***** INPUT DATA *****

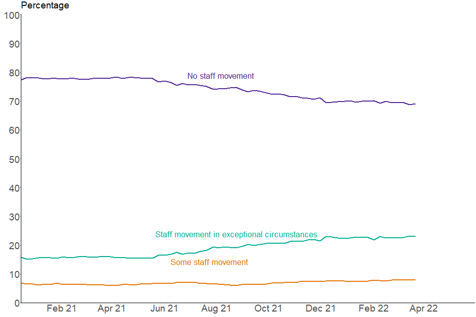 - 69.0% of care homes had no staff members working in another health or social care setting. This proportion has been stable since the end of November 2021, after a period of gradual decline from April 2021
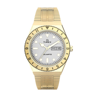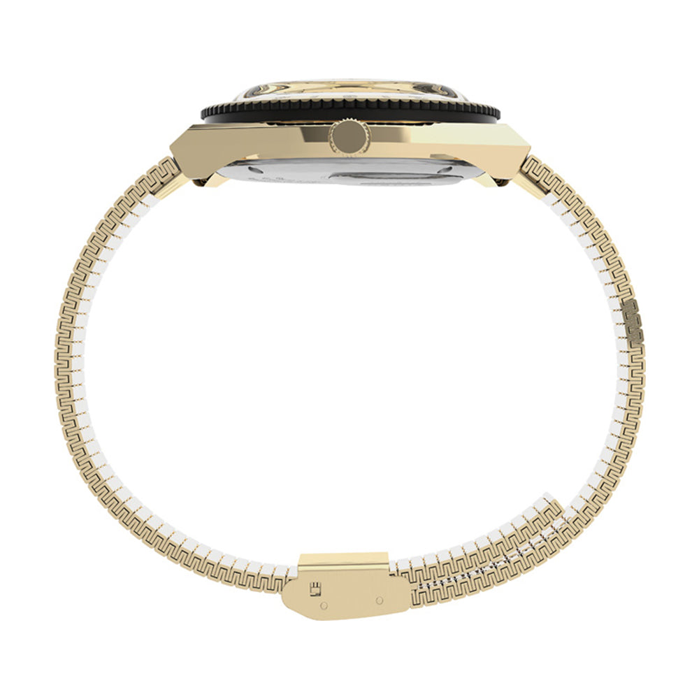 Perfect for everyday wear with a chic, neutral color palette. Inspired by our archival Q Timex designs from the age of Quartz, we stayed true the original details – including a gold-tone rotating bezel, functional battery hatch and domed acrylic crystal. The 36mm gold-tone stainless-steel case is paired with a cream dial and a comfortable woven gold-tone stainless-steel strap, easily adjustable for a look and fit you’ll love.
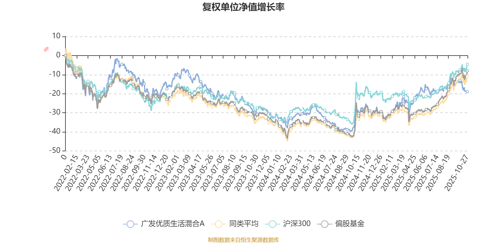 截至10月27日,广发优质生活混合A近三个月复权单位净值增长率为-1.25%,位于同类可比基金263/265;近半年复权单位净值增长率为4.05%,位于同类可比基金264/265;近一年复权单位净值增长率为11.92%,位于同类可比基金234/265;近三年复权单位净值增长率为5.69%,位于同类可比基金178/253。
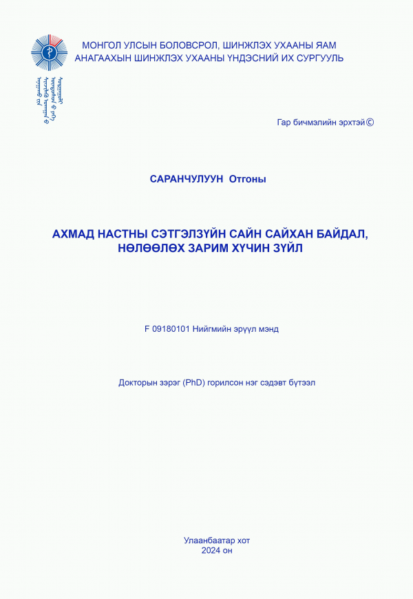 | PhD дирссертаци | Эрдэм шинжилгээний номын сан Эрдэм шинжилгээний уншлагын танхим | 362.1 С 339 | Available | ATNS-PHD00557 |
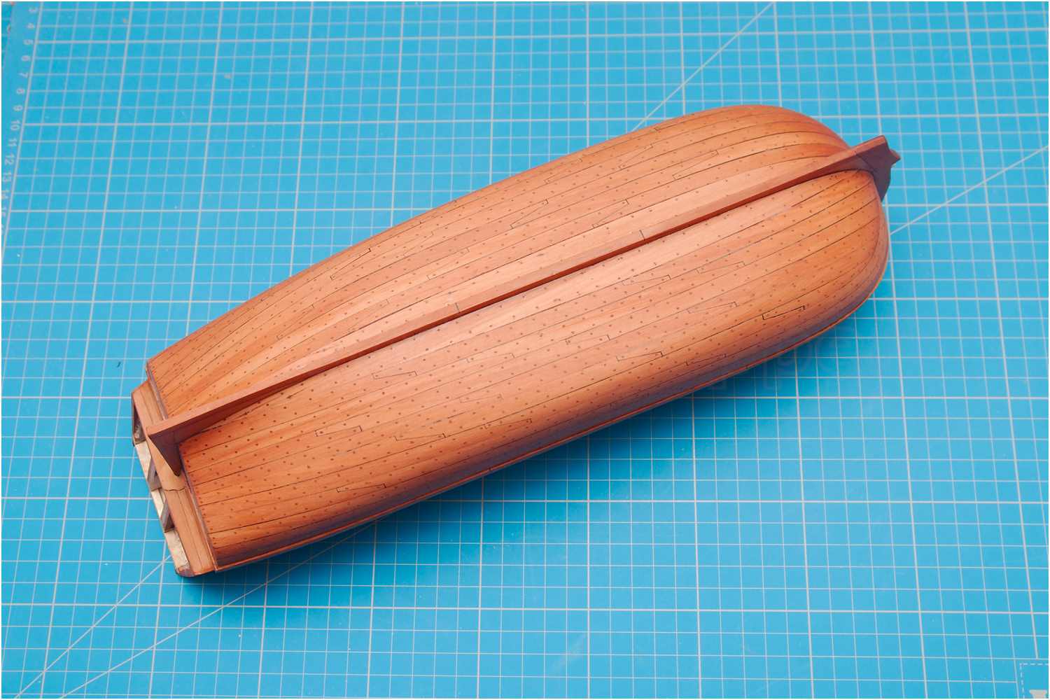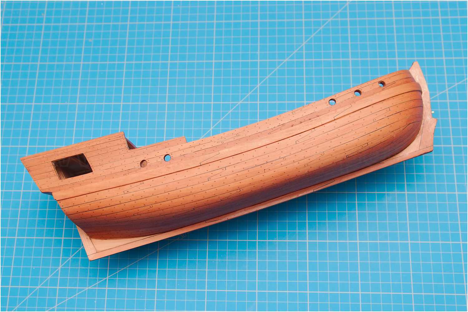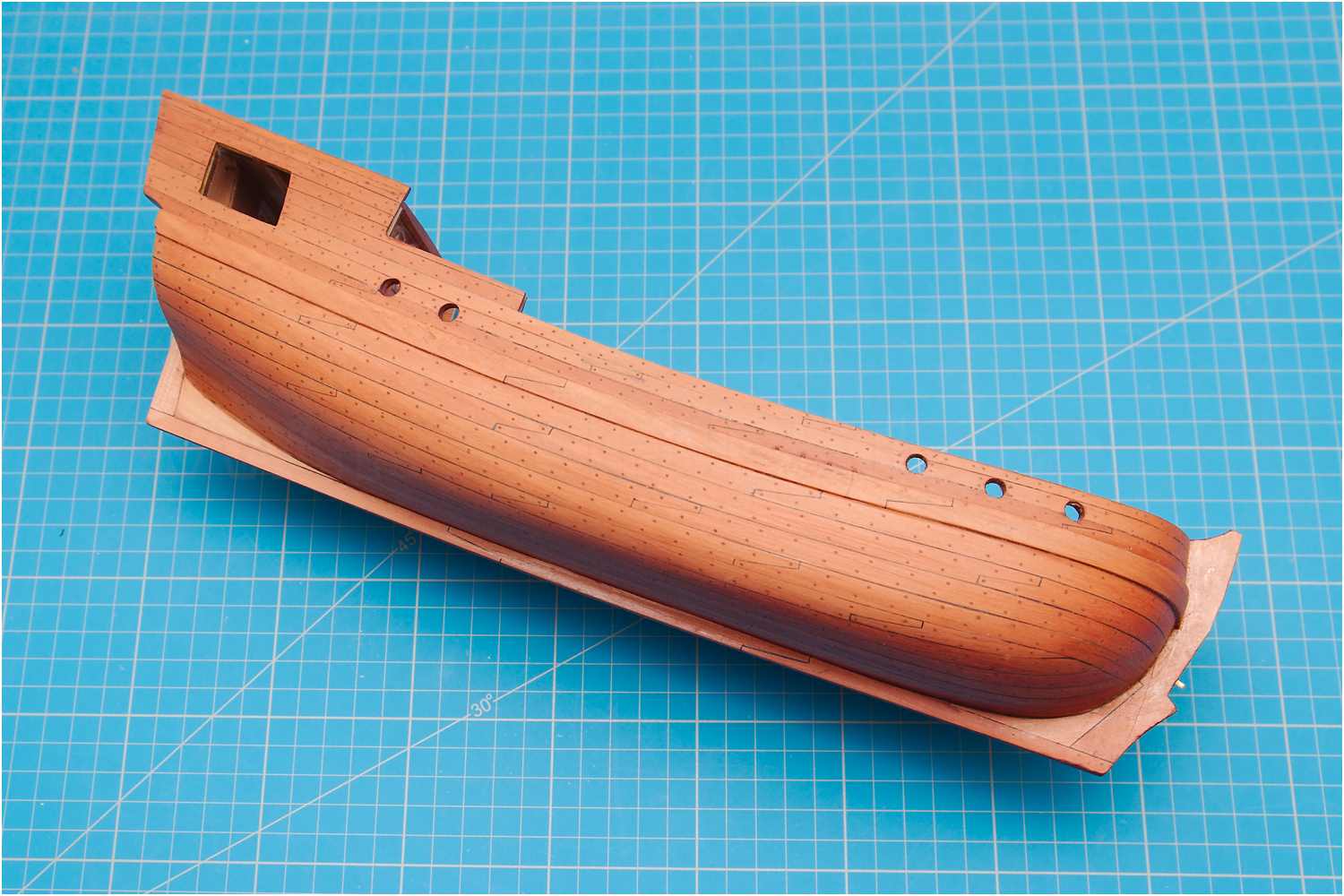 Je mehr Aufmerksamkeit und Mühe in die Herstellung des Basiskorpus gesteckt wird, um so leichter ist die spätere Beplankung. Der hier noch ungeschliffene Rumpf lässt gut die saubere Vorarbeit erkennen.

*****

• PROBLEM DETAILS:
Repeat the records above verbatim. Include none of the pictures.

• ANSWER SECTION:
 - 69.0% of care homes had no staff members working in another health or social care setting. This proportion has been stable since the end of November 2021, after a period of gradual decline from April 2021
 Perfect for everyday wear with a chic, neutral color palette. Inspired by our archival Q Timex designs from the age of Quartz, we stayed true the original details – including a gold-tone rotating bezel, functional battery hatch and domed acrylic crystal. The 36mm gold-tone stainless-steel case is paired with a cream dial and a comfortable woven gold-tone stainless-steel strap, easily adjustable for a look and fit you’ll love.
 截至10月27日,广发优质生活混合A近三个月复权单位净值增长率为-1.25%,位于同类可比基金263/265;近半年复权单位净值增长率为4.05%,位于同类可比基金264/265;近一年复权单位净值增长率为11.92%,位于同类可比基金234/265;近三年复权单位净值增长率为5.69%,位于同类可比基金178/253。
 | PhD дирссертаци | Эрдэм шинжилгээний номын сан Эрдэм шинжилгээний уншлагын танхим | 362.1 С 339 | Available | ATNS-PHD00557 |
 Je mehr Aufmerksamkeit und Mühe in die Herstellung des Basiskorpus gesteckt wird, um so leichter ist die spätere Beplankung. Der hier noch ungeschliffene Rumpf lässt gut die saubere Vorarbeit erkennen.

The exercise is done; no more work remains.